Accra, Jan. 19, GNA - The Director General of the Vienna-based International Atomic Energy Agency (IAEA), Dr Mohammed ElBaradei will witness the commissioning of the Radiotherapy Centre at the Komfo Anokye Teaching Hospital on Friday in Kumasi.
Dr ElBaradei arrives in the country on Thursday at the invitation of President John Agyekum Kufuor, who will commission the Centre. While in the country, the Director General will visit the offices and site of the Ghana Atomic Energy Commission (GAEC) at Kwabenya in Accra and hold a durbar with the staff.
Professor Edward Horga Kordzo Akaho, Director-General of the Ghana Atomic Energy Commission (GAEC), told the Ghana News Agency (GNA) in an interview that the invitation had been extended two years earlier, but events in Iraq had not made it possible for IAEA boss to come at that time.
He said the presence of the IAEA Director-General in the country, was significant considering the huge assistance Ghana receives from the IAEA in the areas of research and development in nuclear science to national development.

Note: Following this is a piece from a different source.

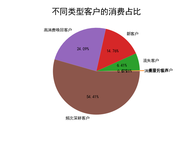 plt.title('不同类型客户的消费占比',fontsize=20)

Prof. Akaho said for instance that the Agency had for the past 10 years supported the GAEC with over 12 million dollars, five million of which was used in the establishment of the Radiotherapy Centre at the Korle Bu Teaching Hospital.
A total of 4,389 patients from Ghana, Liberia, Nigeria, Sierra Leone, Togo, La C=F4te d'Ivoire, Benin and Burkina Faso had been managed at the Korle Bu Radiotherapy Centre, while the Hospital's Nuclear Medicine Unit had so far diagnosed and monitored 1,800 patients.
In addition, the Centre at Kumasi is significant because of the increase in life expectancy levels for Ghanaians that came along with diseases like cancer, and the patronage from other countries in sub-region.
Prof Akaho said the Radiation Protection Institute of the GAEC was monitoring 80 per cent of workers in Ghana exposed to radiation to protect them from over-exposure.
Also with the assistance of the GAEC, companies like the Aboadze Thermal Plant, Tema Oil Refinery, Unilever and Aluworks, have installed a kind of scanning system, called Non-Destructive Testing, to detect the exact faulty spots in the plants.
Other achievements of the Commission are that it has analysed several food and iodated salt samples on the market, and analysed soil samples and rocks for elemental profile for some mining companies. The Ghana Atomic Energy Commission was established by an Act of Parliament (Act 204), in 1963, superseded by Act 588 in 2000, for the promotion, development and utilisation of the peaceful application of nuclear and biotechnological techniques for economic and social advancement of the Ghana.
In pursuance of these objectives, the Commission presently has three institutes and five centres.
The institutes are the Nuclear Research Institute, the Biotechnology and Nuclear Agriculture Research Institute and the Radiation Protection Institute.
The Centres are the National Centre for Mathematical Sciences, the Radiation Technology Centre, the Ghana Research Reactor Centre, the National Radioactive Waste Management Centre and the Digital Electronics and Nuclear Instrumentation Centre.